● Entries taken from a collection:

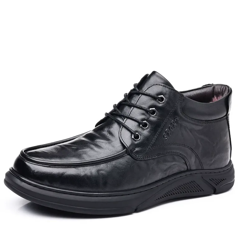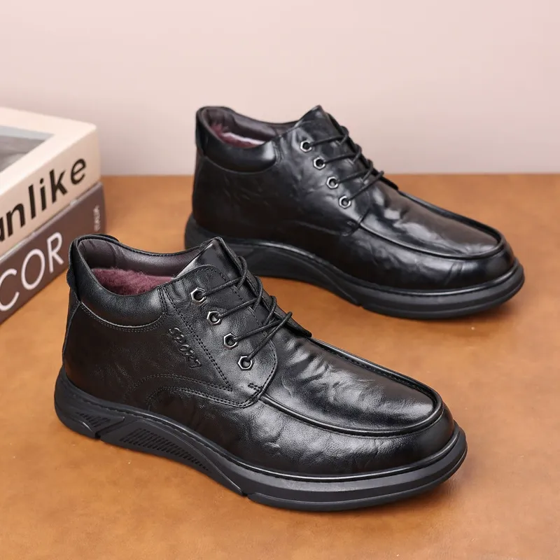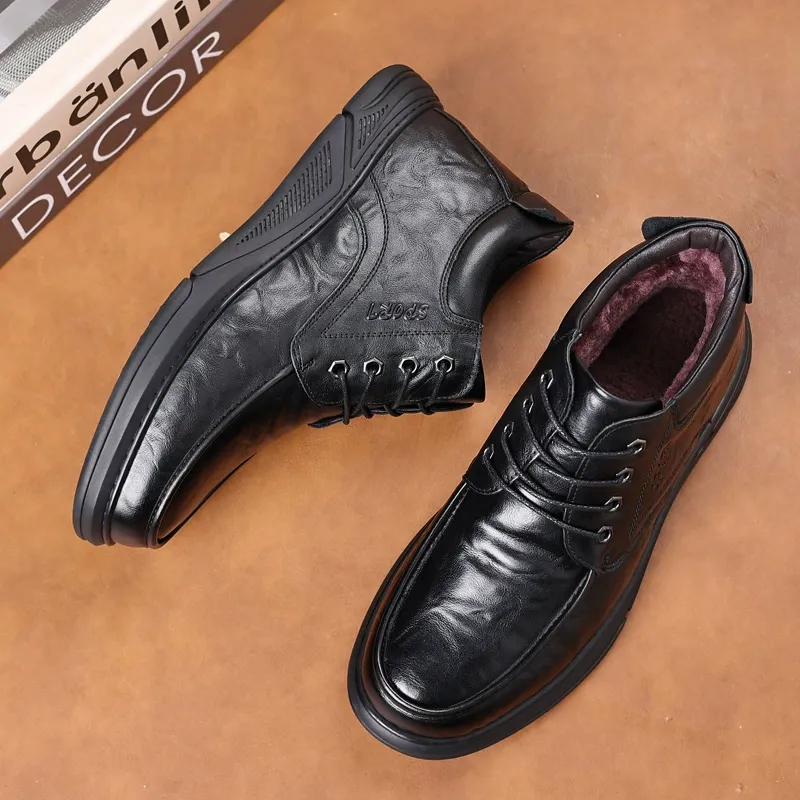 Winter men's cotton shoes, genuine leather, wool lining, warm, casual style for middle-aged fathers.
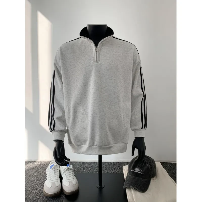 大码300斤cleanfit半拉链卫衣男春秋新款学院风潮流运动无帽上衣
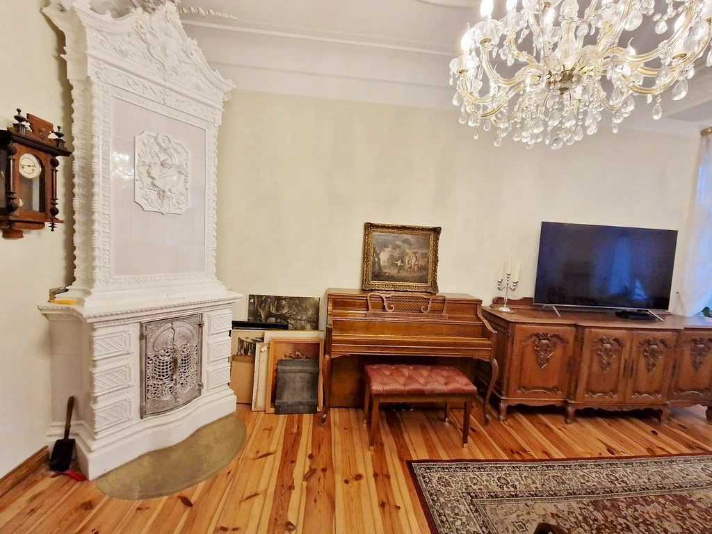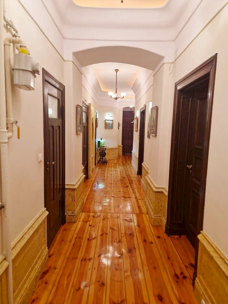 Die Wohnung befindet sich im dritten Obergeschoss und wurde vollständig kernsaniert. Sämtliche Installationen – Elektrik, Wasser- und Abwassersysteme sowie Heizungsanlagen – wurden erneuert. Neue Fenster sorgen für Energieeffizienz und Schallschutz. Originalelemente wie Türen, Fischgrätparkett und reich verzierte Stuckdecken wurden liebevoll restauriert oder detailgetreu nachgebildet – ein Projekt, das unter künstlerischer Leitung mit höchster Sorgfalt umgesetzt wurde.
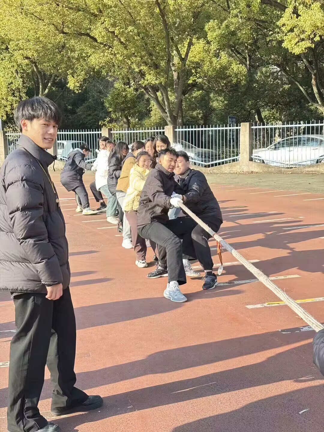 比赛筹备阶段,管院学生会认真策划,高效组织。各班负责人及辅导员老师也积极参与动员,同学们热情高涨,全身心投入比赛当中。比赛过程中,参赛队员们紧握绳索,身体后倾,双脚蹬地,齐心协力地往后拉。每一个表情都写满了专注,每一个动作都彰显着坚韧。现场气氛高涨,观众们的加油声、欢呼声如浪潮般一波接着一波,为队员们注入了源源不断的动力。
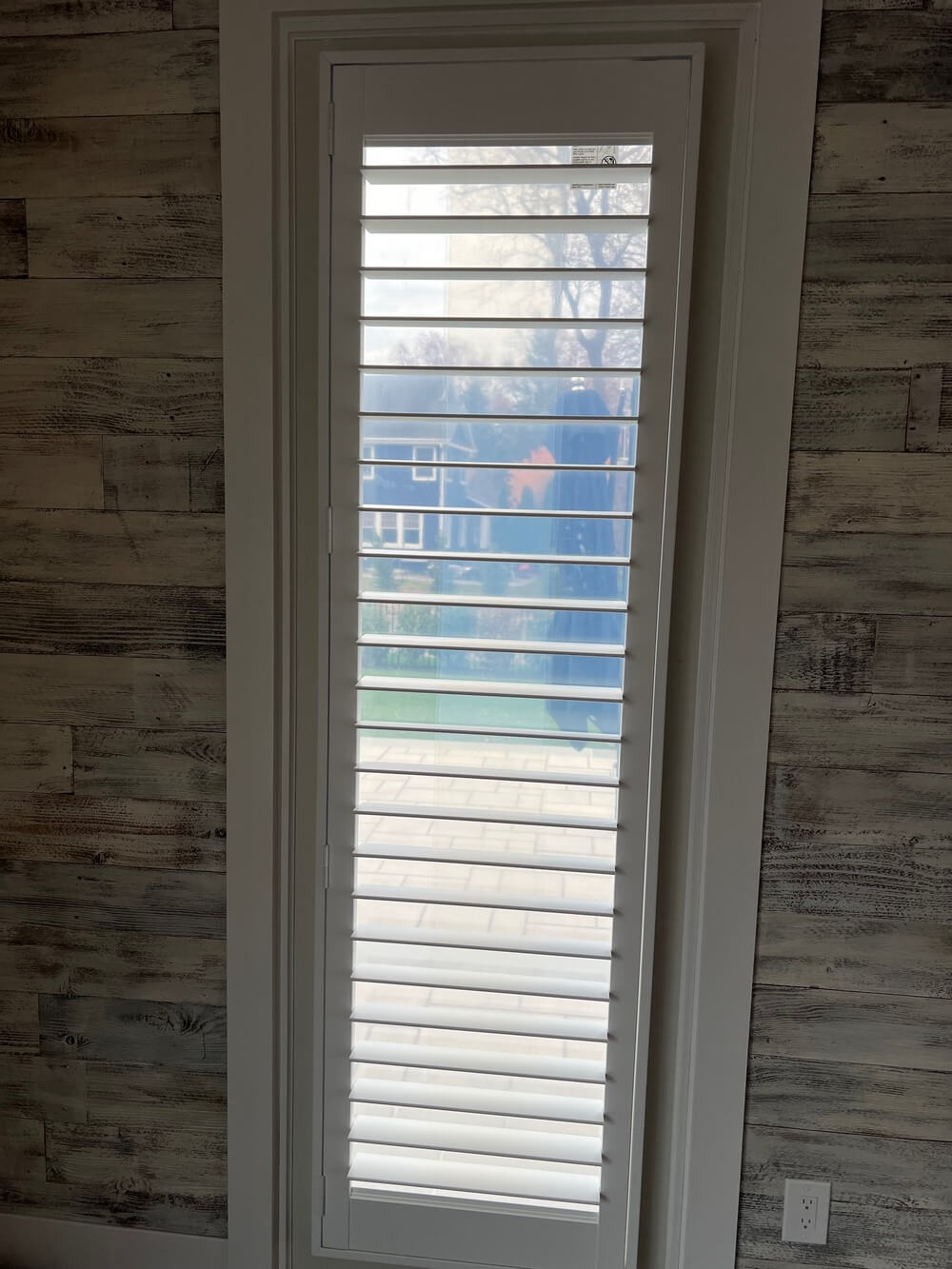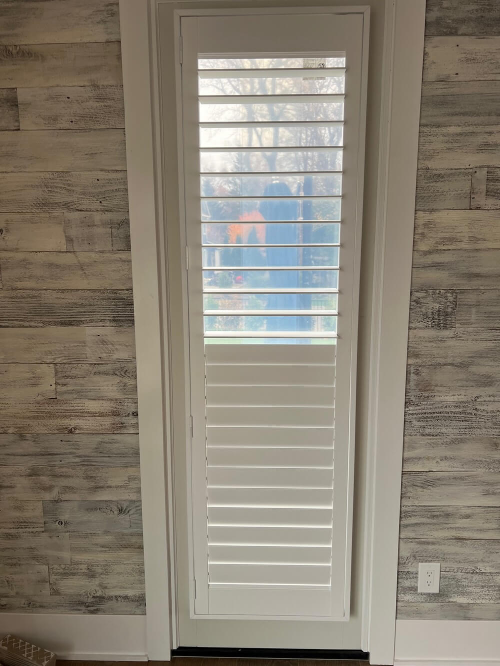 Beautiful Hunter Douglas interior door shutters installed in Brielle, New Jersey. These custom shutters were designed with a precise cut-out to accommodate a levered door handle, ensuring smooth functionality while maintaining a clean, tailored appearance. Mounted directly on the door, they provide a seamless built-in look that enhances the overall design of the interior space.

● PROBLEM DETAILS: The records are to be duplicated in full and exactly, with images left out.

● FINISHED TASK:
 Winter men's cotton shoes, genuine leather, wool lining, warm, casual style for middle-aged fathers.
 大码300斤cleanfit半拉链卫衣男春秋新款学院风潮流运动无帽上衣
 Die Wohnung befindet sich im dritten Obergeschoss und wurde vollständig kernsaniert. Sämtliche Installationen – Elektrik, Wasser- und Abwassersysteme sowie Heizungsanlagen – wurden erneuert. Neue Fenster sorgen für Energieeffizienz und Schallschutz. Originalelemente wie Türen, Fischgrätparkett und reich verzierte Stuckdecken wurden liebevoll restauriert oder detailgetreu nachgebildet – ein Projekt, das unter künstlerischer Leitung mit höchster Sorgfalt umgesetzt wurde.
 比赛筹备阶段,管院学生会认真策划,高效组织。各班负责人及辅导员老师也积极参与动员,同学们热情高涨,全身心投入比赛当中。比赛过程中,参赛队员们紧握绳索,身体后倾,双脚蹬地,齐心协力地往后拉。每一个表情都写满了专注,每一个动作都彰显着坚韧。现场气氛高涨,观众们的加油声、欢呼声如浪潮般一波接着一波,为队员们注入了源源不断的动力。
 Beautiful Hunter Douglas interior door shutters installed in Brielle, New Jersey. These custom shutters were designed with a precise cut-out to accommodate a levered door handle, ensuring smooth functionality while maintaining a clean, tailored appearance. Mounted directly on the door, they provide a seamless built-in look that enhances the overall design of the interior space.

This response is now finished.